Re: std::map, does the standard define what to do here?

From:
James Kanze <james.kanze@gmail.com>
Newsgroups:
comp.lang.c++
Date:
Wed, 8 Apr 2009 02:04:01 -0700 (PDT)
Message-ID:
<e18f58ce-042e-4e00-b96a-07dd811857fd@s28g2000vbp.googlegroups.com>
On Apr 7, 11:03 pm, Zachary Turner <divisorthe...@gmail.com> wrote:

On Apr 7, 4:51 am, rishabh <rishabh.l...@gmail.com> wrote:

On Apr 7, 3:01 am, peter koch <peter.koch.lar...@gmail.com> wrote:

On 6 Apr., 23:39, Zachary Turner <divisorthe...@gmail.com> wrote:

std::map<int, int> test;
bool eq1 = false;
bool eq2 = false;

test[5] = 7;
std::map<int, int>::iterator iter = test.begin();
std::map<int, int>::iterator iterEnd = test.end();

eq1 = (iter == iterEnd);
--iter;
eq2 = (iter == iterEnd);

I suspect the answer is that no, decrementing the begin
iterator is undefined, but just looking for
confirmation. In Visual C++, after this code executes
eq1 is false and eq2 is true(!), and in fact in Visual
C++ you can decrement this iterator indefinitely and it
will just cycle through the tree forever.


You are correct - it is undefined behaviour, so don't do it.


eq2 is never true even you decrease it more than 1 time.

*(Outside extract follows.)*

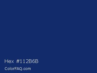 Hex #112b6b Color is a dark blue color and the nearest color is Deep Sapphire #082567. Hex code #112b6b and RGB value is rgb(17,43,107). In RGB color space, this color is composed of 7% red, 17% green, 42% blue, In CMYK color space, this color is composed of 84% cyan, 60% magenta, 0% yellow , 58% black , In HSL color space, this color has a hue angle of 223° , 73% saturation and 24% lightness.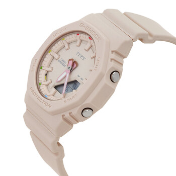 Beige resin case and strap. Fixed beige resin bezel. Beige/digital dial with luminous beige hands and index hour markers. Minute scale around the inner rim. Dial Type: Analog-digital. Luminescent led. Full auto-calendar (to year 2099). Quartz movement. Scratch resistant mineral crystal. Screw down crown. Solid case back. Octogonal case shape, case size: 46 × 40.2 × 11.2 mm. Buckle clasp. Water resistant at 200 meters / 660 feet. Functions: hour, minute, second,world time,1/100-second stopwatch,12/24-hour format,5 daily alarms,hourly time signal. Sport watch style. Watch label: Japan Movt. Casio Alarm World Time Quartz Analog-Digital Ladies Watch GMAP2100IT-4A.

Feel free to try it on Visual Studio 2005, I assure you it
most definitely is true. I have only tried it with a map
containing exactly 1 item, in which case decrementing .begin()
DOES EQUAL .end(), so obviously decrementing it again will
yield a valid element, and decrementing it again will equal
end again, ad infinitum.

It's obviously counterintuitive, which is why I assumed that
the standard either a) explicitly requires that such behavior
not exist, in which case that would mean Visual Studio's STL
implementation has a bug, or b) does not specify the behavior,
or leaves it undefined, in which case Visual Studio's STL
implementation is fine.


For a weak-enough definition of fine. Generally speaking, VC++
traps this sort of error, at least when compiled with the right
options. (Try it with and std::vector, for example. If the
code doesn't abort, you're not using the right compiler
options.) So I rather suspect that this could be considered a
bug. (I get a runtime error with all of the sequence
containers, but none for the associative containers, with VC++.